• [Given records]
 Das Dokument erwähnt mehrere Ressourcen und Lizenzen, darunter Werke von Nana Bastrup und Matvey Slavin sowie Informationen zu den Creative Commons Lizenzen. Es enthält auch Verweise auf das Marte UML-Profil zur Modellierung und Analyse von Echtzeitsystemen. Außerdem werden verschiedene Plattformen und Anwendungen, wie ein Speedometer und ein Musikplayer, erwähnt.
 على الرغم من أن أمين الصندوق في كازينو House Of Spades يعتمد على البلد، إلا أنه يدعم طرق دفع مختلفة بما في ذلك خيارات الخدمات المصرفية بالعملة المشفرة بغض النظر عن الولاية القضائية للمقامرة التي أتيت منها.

==

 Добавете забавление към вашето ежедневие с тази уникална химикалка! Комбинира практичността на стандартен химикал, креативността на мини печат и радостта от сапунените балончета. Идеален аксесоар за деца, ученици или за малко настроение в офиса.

...

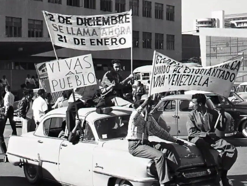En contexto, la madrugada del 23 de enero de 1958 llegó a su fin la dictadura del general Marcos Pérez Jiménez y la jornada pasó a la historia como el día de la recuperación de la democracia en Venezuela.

• [The problem]
Only one stretch of the data above is needed. Restate it word for word, from the line containing "Das Dokument erwähnt" through the line containing "على الرغم من", both ends included.

• [Expected answer]
 Das Dokument erwähnt mehrere Ressourcen und Lizenzen, darunter Werke von Nana Bastrup und Matvey Slavin sowie Informationen zu den Creative Commons Lizenzen. Es enthält auch Verweise auf das Marte UML-Profil zur Modellierung und Analyse von Echtzeitsystemen. Außerdem werden verschiedene Plattformen und Anwendungen, wie ein Speedometer und ein Musikplayer, erwähnt.
 على الرغم من أن أمين الصندوق في كازينو House Of Spades يعتمد على البلد، إلا أنه يدعم طرق دفع مختلفة بما في ذلك خيارات الخدمات المصرفية بالعملة المشفرة بغض النظر عن الولاية القضائية للمقامرة التي أتيت منها.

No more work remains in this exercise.